The opposite can also be true. The horse that "sucks back" is bracing with his front end, effectively pushing backward or lacking enough energy to maintain balance while progressing forward in space. This active tension can be a cause for stumbling.
5. Horse needs extra help on one side.
A horse with a weak side (for example, a weak left stifle) could have trouble bringing that hind leg up with the same amount of strength and fluidity as the rest of the body. After the true source of the problem is identified and addressed (i.e. call a veterinarian!), you can support that side with more active riding aimed at building up the muscles around the joint.
6. Horse is overly crooked.
Some horses are particularly stiff to one side. This might be influenced by a natural cause (born that way), or from previous incorrect riding.
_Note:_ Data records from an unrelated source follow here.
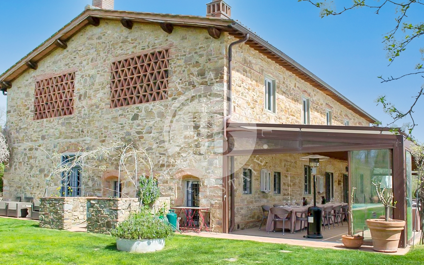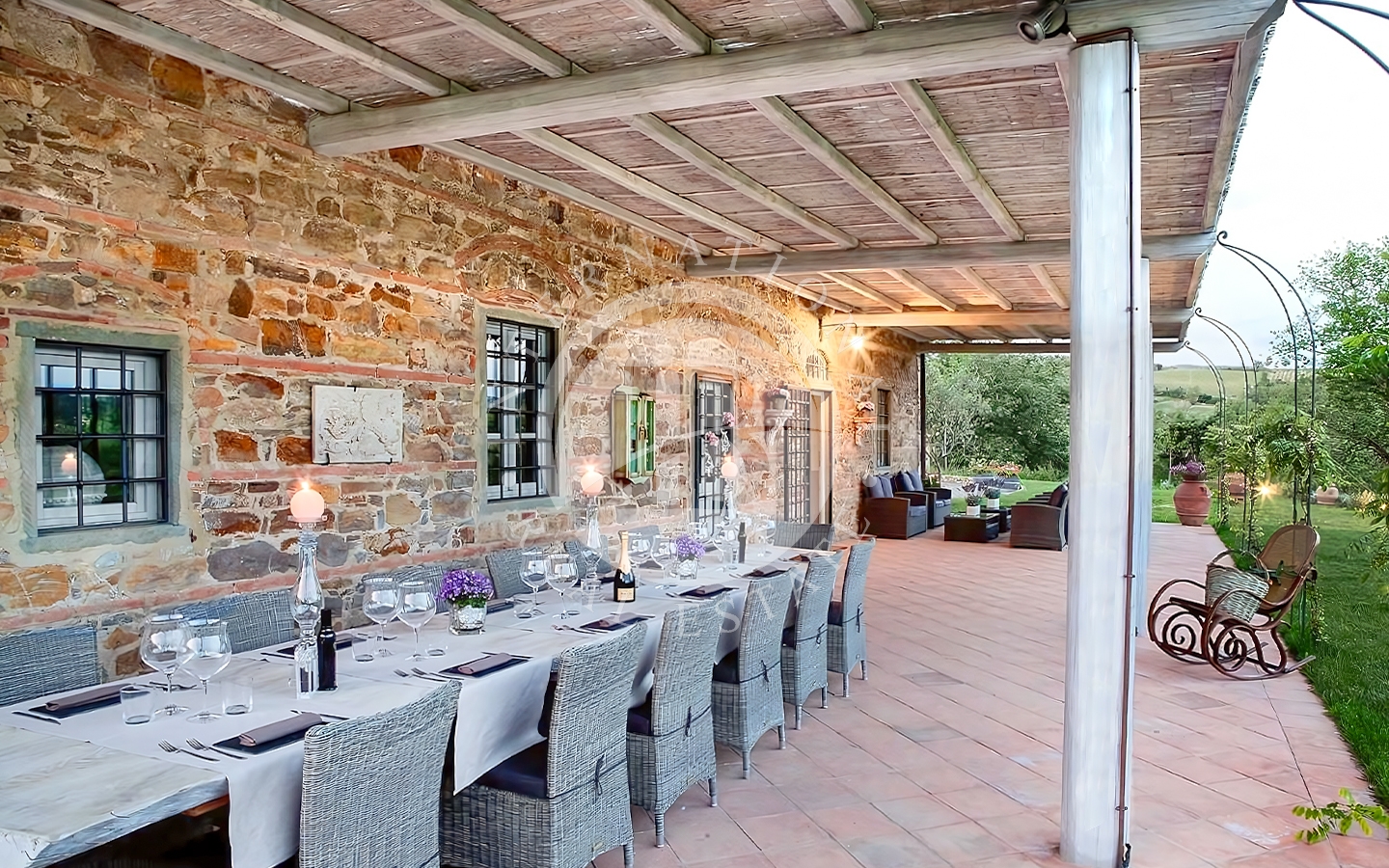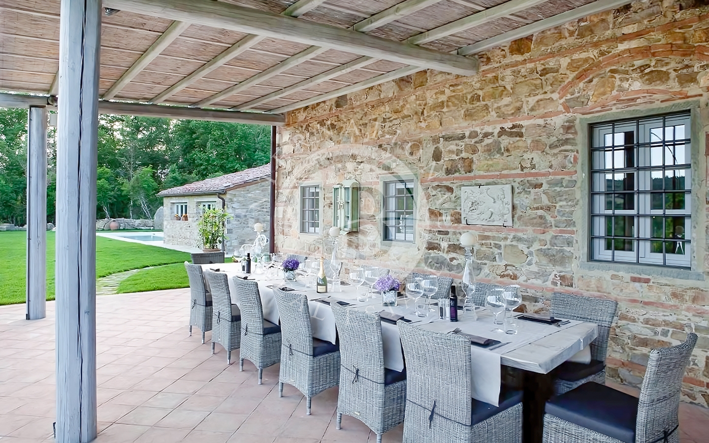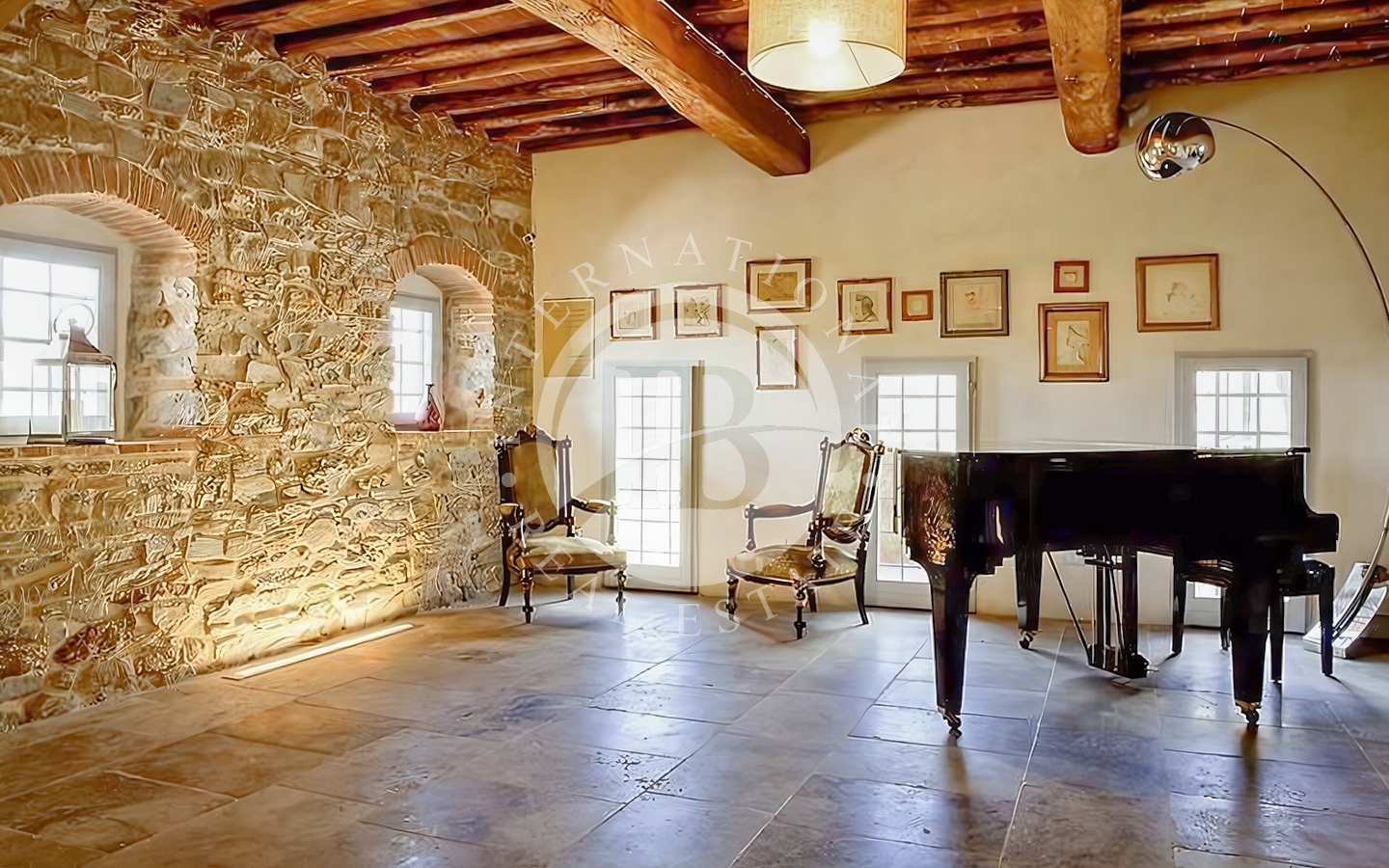 o della tradizione toscana incontra il comfort moderno. Il piano terra ospita due spaziosi soggiorni con zona bar, una cucina attrezzata con grande camino, un ripostiglio e due bagni di servizio, uno per disabili. Al primo piano si trovano sei camere da letto climatizzate e sei bagni, oltre a una seconda cucina. Il secondo piano ha accesso indipendente quindi è possibile una suddivisione in due unità distinte ed autonome. Vi è la possibilità di ricavare una settima camera al piano terra. La dependance, ideale per ospiti o personale di servizio, comprende due camere da letto, un bagno e una cucina.
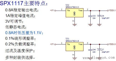 对于LPC2200系列微控制器,它有4组电源输入。理想情况下需要提供4组独立的电源,它们需要单点接地或大面积接地。甚至还有为系统中其它的部件提供更多种类的电源。但如果没有使用LPC2000内部的AD功能,或对AD的要求不高,模拟电源和数字电源可以不分开供电。这样LPC2200和LPC210x都只需要两组电源。 2.设计末级电源电路 LPC2000系列微控制1.8V消耗电流的极限值为70mA。为了保证可靠性并为以后升级留下余量,则电源系统1.8V能够提供的电流应当大于300mA。 整个系统在3.3V上消耗的电流与外部条件有很大的关系,这里假设电流不超过200mA,这样,电源系统3.3V能够提供600mA电流即可。 分析得到以下参数: 3.3V电源设计最大电流:600mA; 1.8V电源设计最大电流:300mA。 在了解功率消耗之后,需要选择合适的器件。 因为系统对这两组电压的要求比较高,且其功耗不是很大,所以不适合用开关电源,应当用 低压差模拟电源(LDO)。合乎技术参数的LDO芯片很多,Sipex 半导体SPX1117是一个较好的选择,它的性价比较好,且有一些产品可以与它直接替换,减少采购风险。
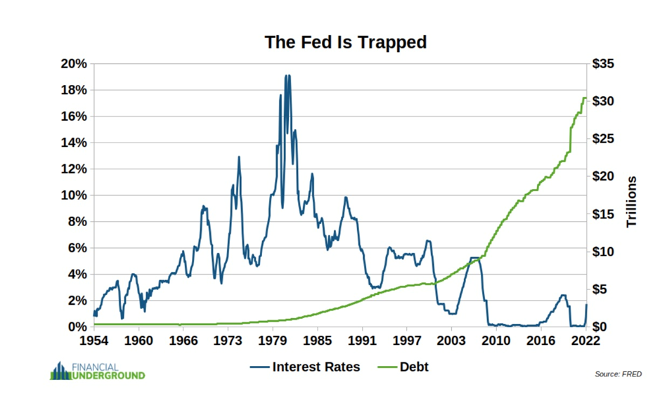 This severely limits how much and how quickly the Fed can raise interest rates, due to the amount of interest that the federal government will be forced to pay on its debt.
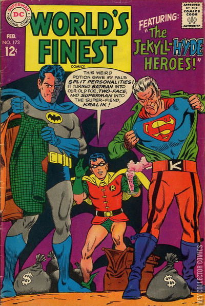 The Jekyll-Hyde Heroes (Superman, Batman and Robin / written by Jim Shooter) The evil Dr. Aaron uses his "Psyche-Distortor" chemicals to turn the heroes into people they fear the most : Batman into Two-Face and Superman into Kralik! The two new villains rampage Metropolis. Can Robin save the day? Or will someone else defeat the mad scientist? The Super-Key to Fort Superman (Editors' Round Table choice / written by Jerry Coleman : reprinted from: Action Comics #241)
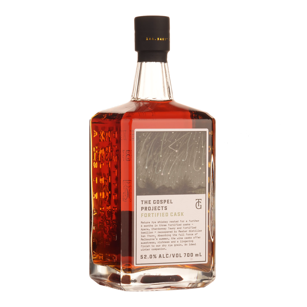 At Gospel, cask selection is a crucial step in the whiskey making process. They believe that knowing the story of each cask is essential, from the forest where the oak is sourced to the liquid that previously filled it. For their special Project Release, The Gospel carefully selected three Australian ex-fortified wine barrels - Apera, Chardonnay Tawny and Fortified Semillon - to balance the signature dry rye grain with a richer and sweeter finish. The fortified casks were delivered fresh and recoopered at the distillery by Master Distiller Ian Thorn. The mature rye whiskey, selected for its medium body and slightly drier finish, was then filled into the fortified casks. This created the perfect foundation for the residual sweet wine remaining in the fortified casks, resulting in a unique and complex flavour profile. To showcase the interaction between the whiskey and the oak, as well as provide a higher viscosity and lingering flavour, Fortified Cask was intentionally released at 52% ABV. This ABV selection perfectly represents the spirit's character and highlights its unique qualities.
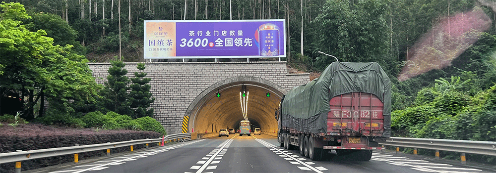 广告牌位于福建省福州区域G15沈海高速福州至泉州路段祥谦连接线四峰隧道顶(出福州A侧);

In either case, much attention needs to be given to at least straightening the horse (even if it is too difficult to get a true bend) while he is moving.
7. You shift your weight to the horse's forehand.
Riders often lean forward in movement. As bi-peds, it is what we are naturally programmed to do! However, "listen" carefully to your horse when he stumbles. If he tends to trip when you lean forward, you know the reason why. In this case, you will need to hold your weight back, even if you want to ride in two-point or go over a jump. You can hold your weight and change your posture - just be aware!
4 Steps to Prevent Stumbling
1. Leg on for impulsion.
Even the fast-footed horse can be disengaged and needs to bring his hind end underneath him. So put your legs on and be ready for more movement! Lighten the contact as you apply the legs.
2. Commit your body to the energy surge.
The horse should lurch forward a bit. This is good. Go with him. Be sure you don't stop the forward inclination by pulling back on the bit.
3. Straighten the horse (if needed).
Use the energy surge to straighten the horse, left or right as needed. Just guide the energy into straightness, don't stifle it.
This is key. Without the half-halt immediately after the energy surge, you tell the horse to run away. You don't want your horse to flee your aids, so within a moment after your legs and straightness, you half-halt should come on (brace your seat, back, arms momentarily) to control the energy you just created.
The idea is to re-balance that energy surge to the hind end rather than let it run out the front end. Think half-halts and use them as often as necessary to help your horse maintain balance. Constantly work on that re-balance - you may need to do the whole thing three, four, five times in a row, in rhythm with the horse's strides, to help the horse understand he needs to sift his weight backward.
This might be very difficult for a horse (and rider) that is not used to working from the hind end. But it is essential, first, to prevent the stumble, and second, to keep the horse sound long-term. Good luck!